Where could she be? I swallow hard. My heart hardens against the desire to hunt her down. I can’t change our plans to save my friend. I can’t… My teeth clench together in anger.

“Thank you.” I know Sia will read everything in my mind. Now that she’s not wearing her collar, it’s instinctual for her. Like smelling food cooking in a kitchen, she’ll be drawn to the intensity of my thoughts and emotions.

This is difficult, Prince Cole. I am having a hard time watching everything. Her violet eyes open and I can see the strain of what she’s trying to do. Watching and listening to so many minds. She’s never been around this many people before, never tried to maintain connections with so many. I’m trying my best. I should have been paying attention to Lee when she disappeared. Then I’d know. She disappeared while the Steel soldiers were attacking.

I shake my head. “No. You’re doing everything you can,” I say. “Keep it up. I have to get back to Maeve.” I pause, recognizing something for the first time. “Wait. Can you see inside Gethin’s mind? Can you read his thoughts?”

Yes. I have tried to focus on him since he drew himself away from the steel-lined rooms. He is… broken. His mind does not flow as it should.

I nod. “Yes, but has he thought of how he can die? Has he focused on any specific things? Weaknesses or fears?”

He only thinks of the Thrones. And Calyr. His mind goes back to a talk he had with Calyr many, many years ago when he was young. He is consumed. Dark hair and a black blade.

I sigh. No, it couldn’t be that simple. “Thank you, Sia,” I say before turning back to the shadow walker. “Bring me back to the void. Echo will know where I came from.”

The man nods to me and takes my wrist before pulling me into the shadows again. That half a moment in the void—where I’m not in control—I feel the pressing weight of the darkness. This time, though, it feels different. I’ve been here a thousand times, no different from the shadow walker ferrying me, and I’ve always felt that oppressive weight.

Now, it feels hungrier. It feels ready to consume me. It feels… like it’s waiting for me.

Is it helplessness that threatens to consume me? Is it the number of times that I’ve gone in and out of the void recently? Are there traces of black in my eyes?

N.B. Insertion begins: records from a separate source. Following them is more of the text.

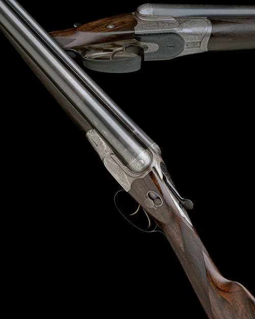 27in. Greener trade mark nitro barrels, fine scroll engraving at the breech ends, rib engraved 'W.W. GREENER. MAKER. 40 PALL MALL. LONDON. S.W. WORKS ST MARY'S SQUARE. BIRMINGHAM.', 2 1/2in. chambers, bored approx. imp. cyl. and 1/4 choke, treble-grip action with ropework-engraved shoulders, automatic side-safety with gold-inlaid 'SAFE' detail, rolled-edge triggerguard, fine acanthus scroll engraving, retaining traces of original colour-hardening, 14 1/2in. stock (setting crack to left side) with wooden toe extension, fore-end with Deeley & Edge patent release catch and horn finial, weight 6lb. 5oz., in its lightweight leather 'violin' case with gold-tooled red leather trade label
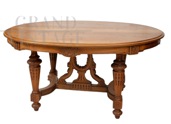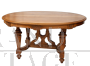 Antique Napoleon III French table in solid walnut belonging to the second half of the 19th century. The oval-shaped top is supported by four fluted legs connected by a cross. The table can be stretched by tearing it to a length of 250 cm. Possibility to match the chairs too.
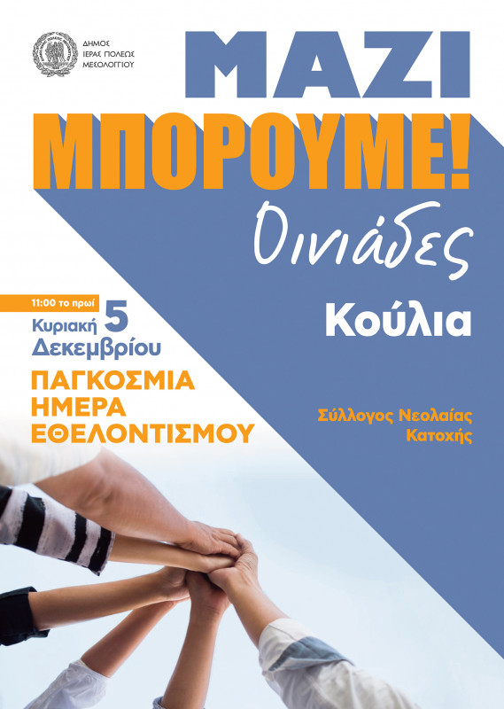 Με πρωτοβουλία του Δημάρχου Ι.Π. Μεσολογγίου Κώστα Λύρου στο πλαίσιο της Διεθνούς Ημέρας Εθελοντισμού θα πραγματοποιηθούν τη Κυριακή 5 Δεκεμβρίου 2021 και ώρα 11:00 π.μ. τρείς δράσεις σε τρία διαφορετικά σημεία του Δήμου.
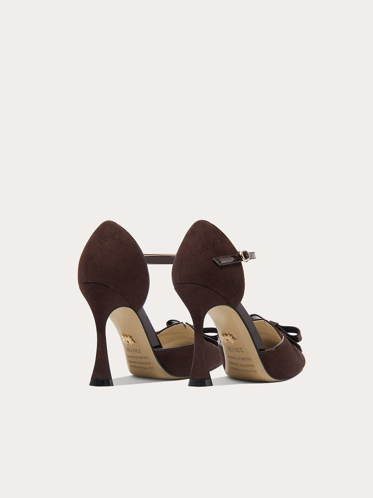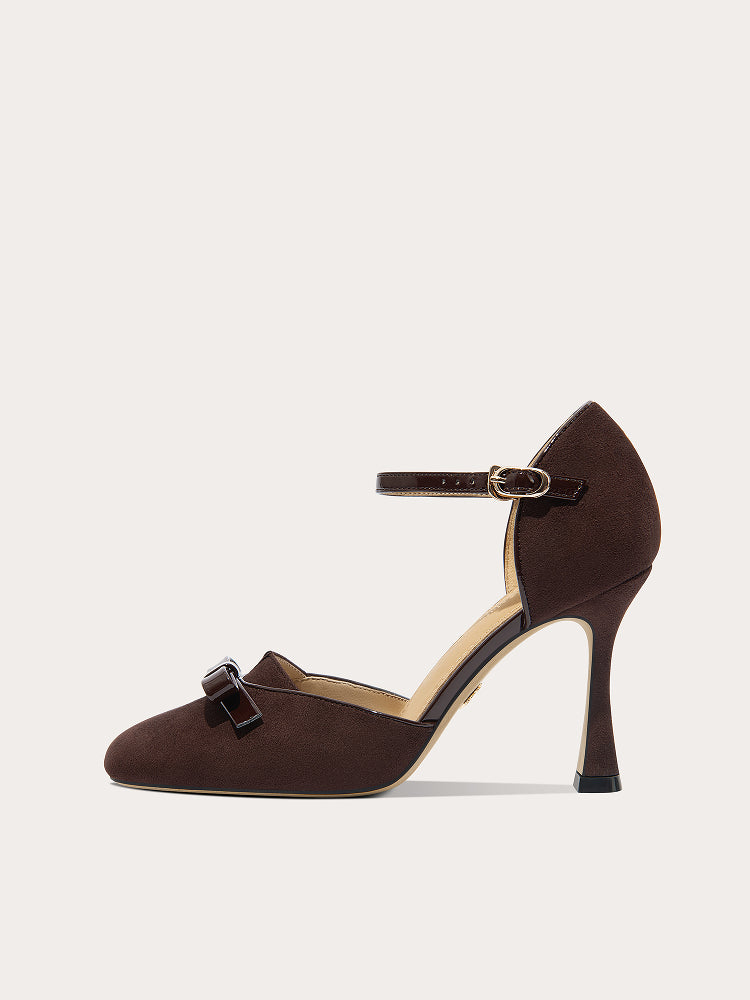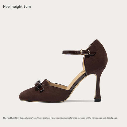 Lily Wei brown vintage bow heel heel sandals square toe heel comfort- ARIA
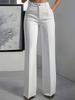 Women's High Waist Button Detail Wide Leg Trousers
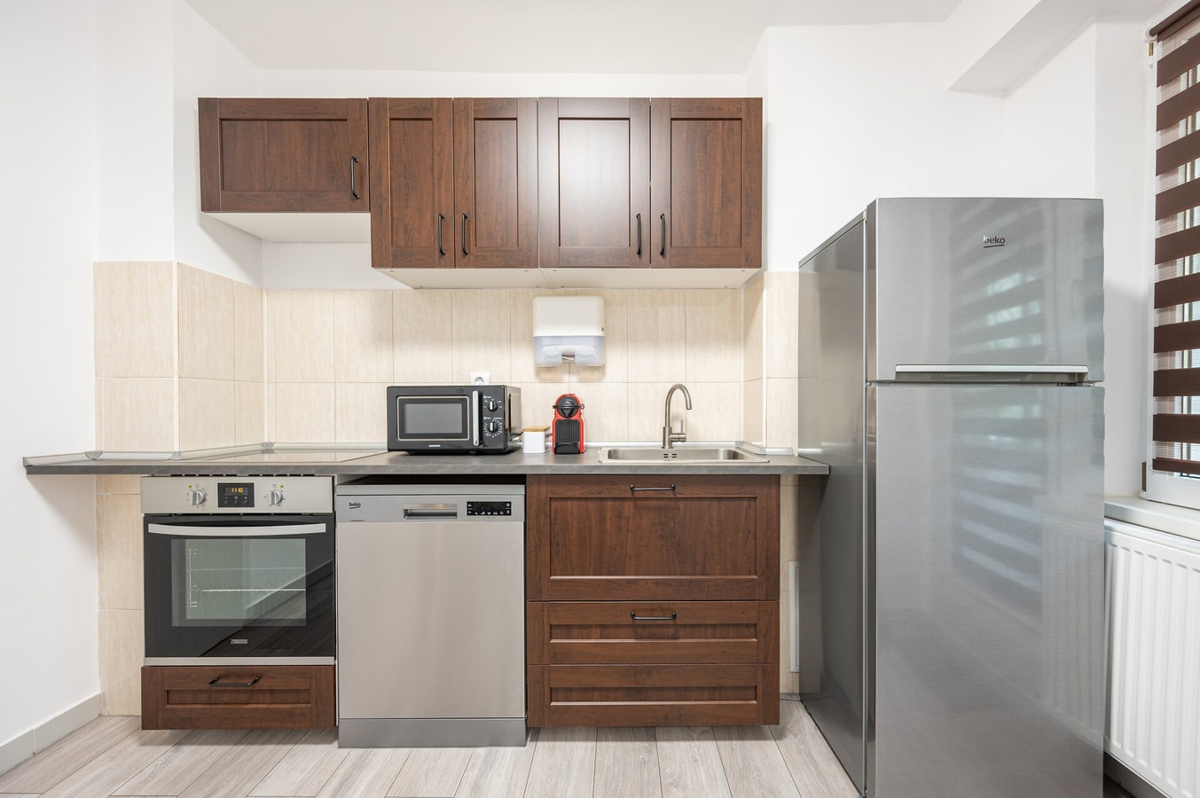 Step into our modernized apartment, located in close proximity to the city centre. Enjoy the convenience of our special preferred parking area, located just beside the building, allowing you to easily park your vehicle without any concerns. We provide a code-based entry system, which means you can enter and exit the apartment at your own convenience, without the need for keys. Rest assured that our professional cleaning team will thoroughly clean and sanitize the apartment before your arrival.
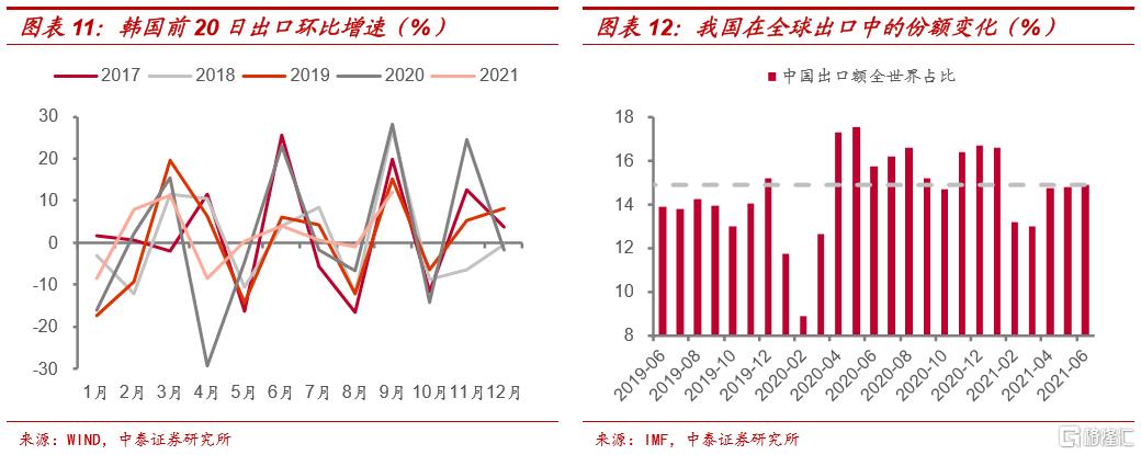 “替代效應”下降空間有限。由於東南亞疫情緩和,越南、韓國等國出口環比增速由負轉正。9月越南出口環比增長3.05%(前值-2.96%),韓國前20日出口環比增長11.97%(前值-0.97%),但韓國9月環比增速慢於季節性,顯示其出口仍未完全恢復,我國出口短期內仍受到“替代效應”支撐。從長期來看,隨着海外生產進一步恢復,替代效應或將邊際減緩。但今年6月數據顯示,我國在全球出口中的份額已經降至14.9%,僅略高於疫情前水平,出口份額下降空間已經較爲有限,不會對出口造成明顯拖累。
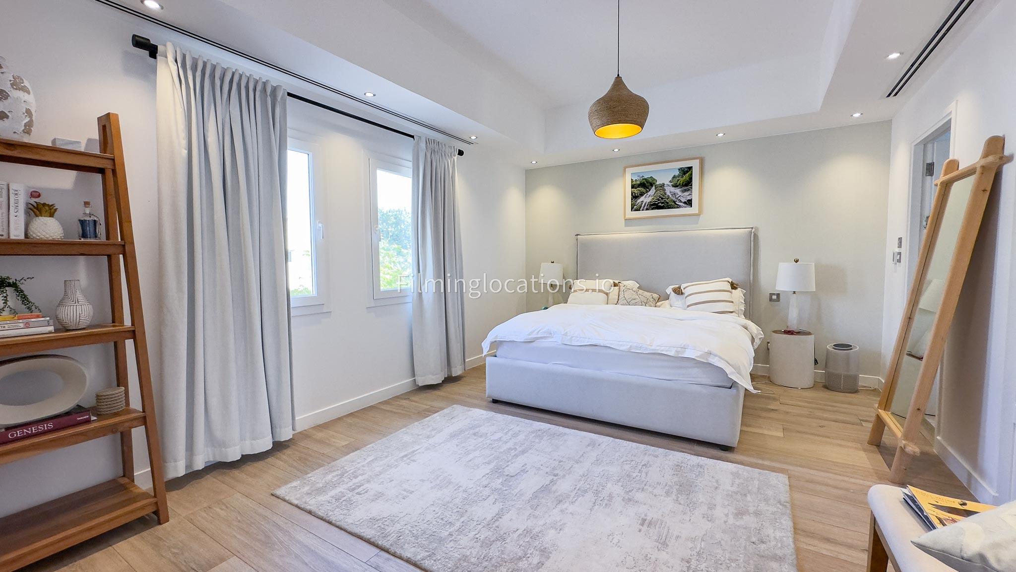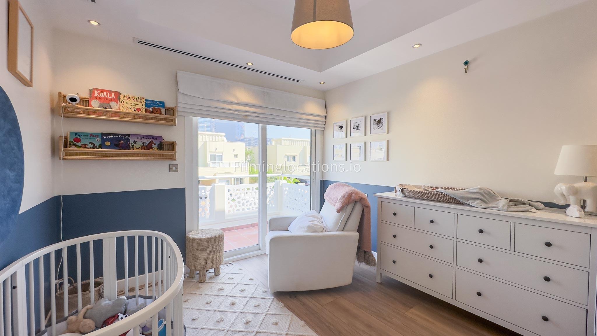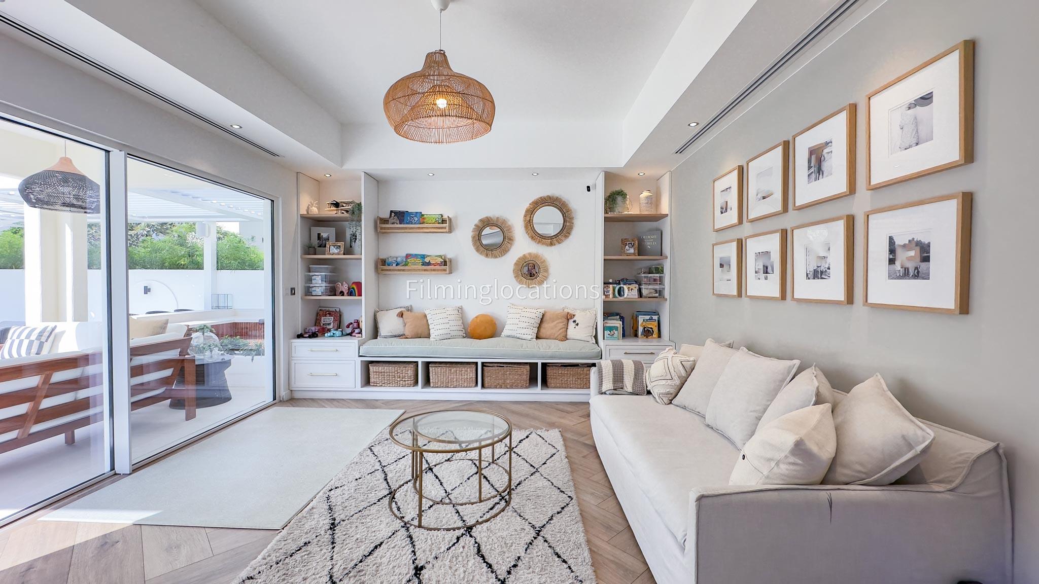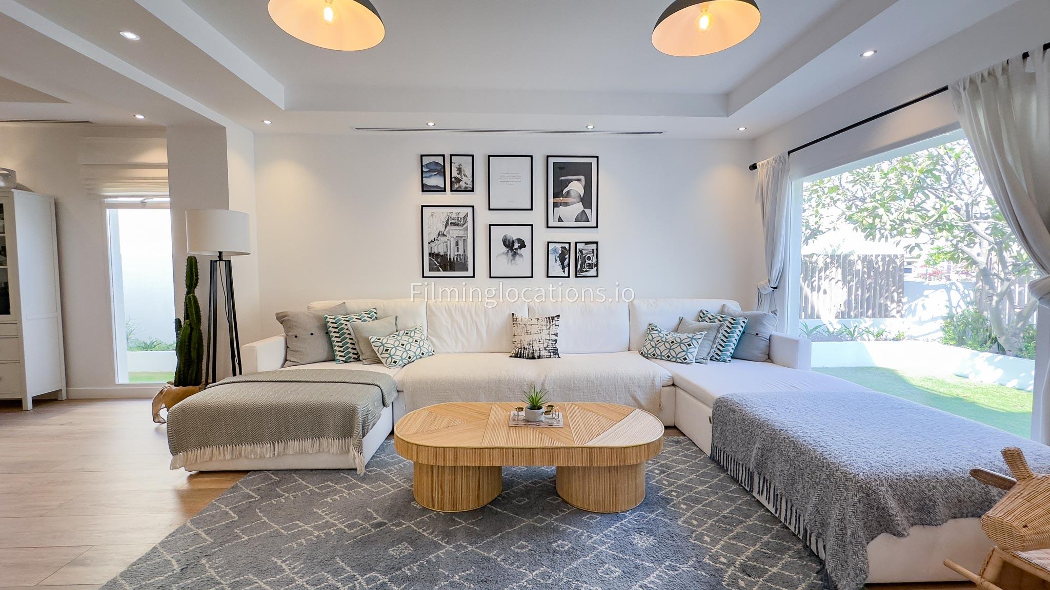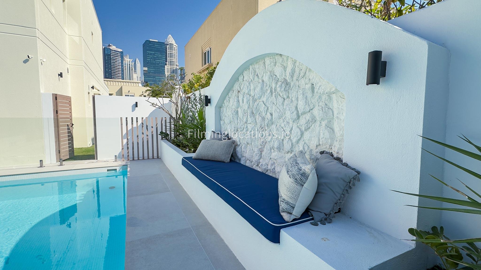 Our villa has an elegant and spacious living room with a beautiful blend of white and wood furniture. Additionally, there is a living room near the open kitchen with bohemian style décor. There is a beautiful bedroom with a spacious balcony and a nursery on the upper floor. The backyard is a reflection of luxury with the pristine pool and patio furnishings making it perfect for any outdoor scenes.
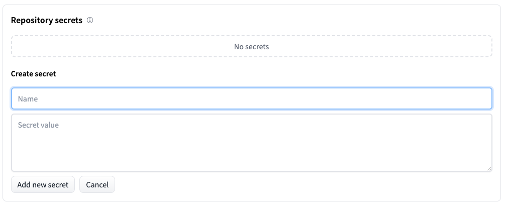 在Name这里输入 OPENAI_API_KEY,然后在Secret value里面填入你的OpenAI的密钥。
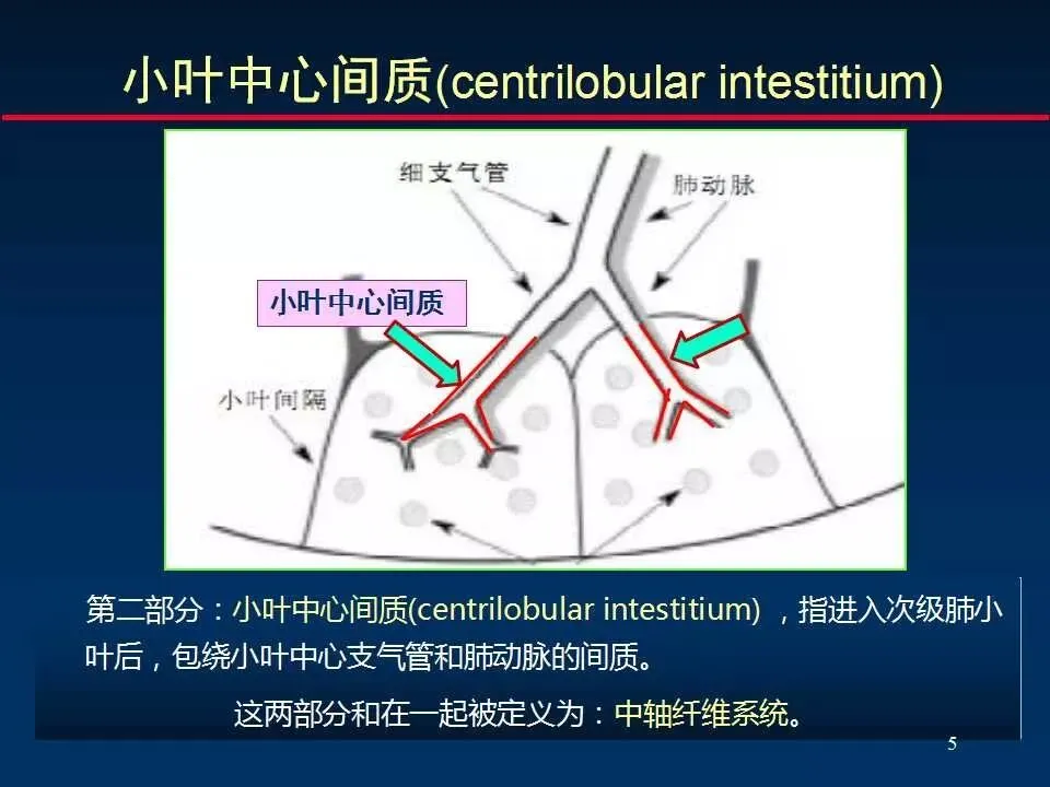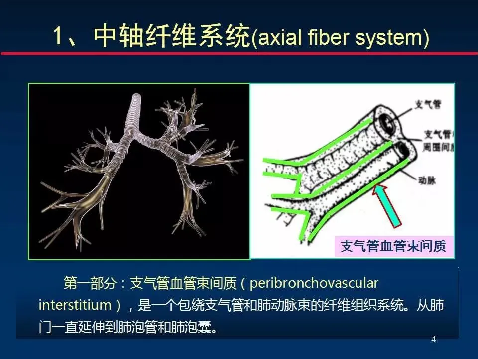 中轴纤维系统:支气管血管周围间质和小叶中心间质

Then Echo’s shadows wrap around me and pull me out of the void and onto the breezeway where Gethin and Maeve should be.

But they’re both gone. I reach out through our bond, and I feel nothing. Just like when she’d talked to The Darkness with Echo. The void has built that barrier in our bond like we’d expected it to, but I hadn’t expected her to leave this place.

Damn it all. Where is she? She can’t be dead. I’d feel that. It wouldn’t be this separation. It’d be a hole in my soul. My bond with her would be intact, but she’d be gone to a place I couldn’t follow. There’d be more pain than I can imagine.

She’s not dead. She’s… missing . Along with Gethin. But why? And where?